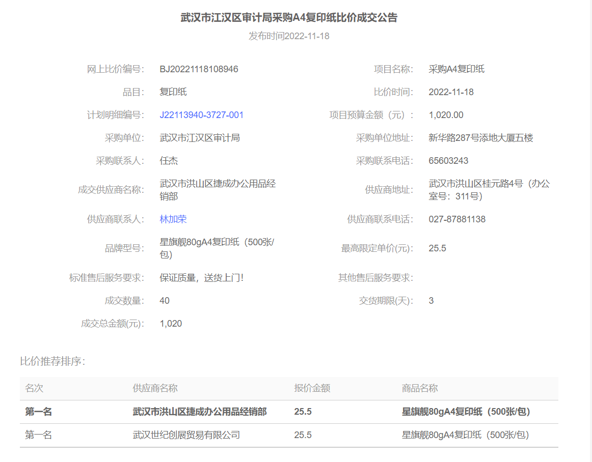 | 标 题 | 欧亚国际(中国)官方网站 审计局采购A4复印纸比价成交公告 | ||
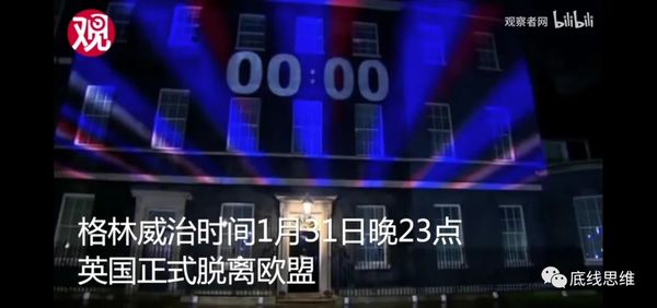 格林威治时间2020年1月31日晚23点,英国首相府官邸前倒计时归零,英国正式脱离欧盟(观察者网视频截图)
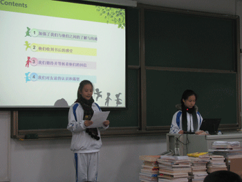 邱晓云老师主持捐书仪式,并介绍了活动筹备过程,即每个学生选择一本自己喜欢的书,在书的扉页上写上自己对少数民族小伙伴的读书心得分享和祝福话语,并在书中夹一个信封,信封上已经写好自己的地址,便于少数民族伙伴给自己回信交流。初一年级所有同学都参加了赠书活动。邱老师谈到公益是功德无量的事业以及自己对目前这个公益项目逐步认知的过程。
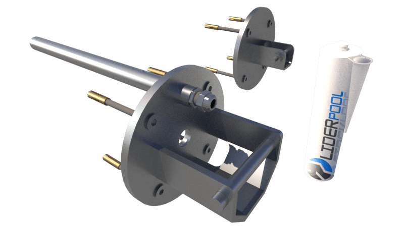 Kompletter Satz Flansche aus Edelstahl 316L mit Kabelführung durch die Beckenwand.

----

## [Work item]
Please output exactly the lines of the data above, from its first line through the line with "邱晓云老师主持捐书仪式,并介", and nothing else; drop the pictures.

## [Answer space]
 | 标 题 | 欧亚国际(中国)官方网站 审计局采购A4复印纸比价成交公告 | ||
 格林威治时间2020年1月31日晚23点,英国首相府官邸前倒计时归零,英国正式脱离欧盟(观察者网视频截图)
 邱晓云老师主持捐书仪式,并介绍了活动筹备过程,即每个学生选择一本自己喜欢的书,在书的扉页上写上自己对少数民族小伙伴的读书心得分享和祝福话语,并在书中夹一个信封,信封上已经写好自己的地址,便于少数民族伙伴给自己回信交流。初一年级所有同学都参加了赠书活动。邱老师谈到公益是功德无量的事业以及自己对目前这个公益项目逐步认知的过程。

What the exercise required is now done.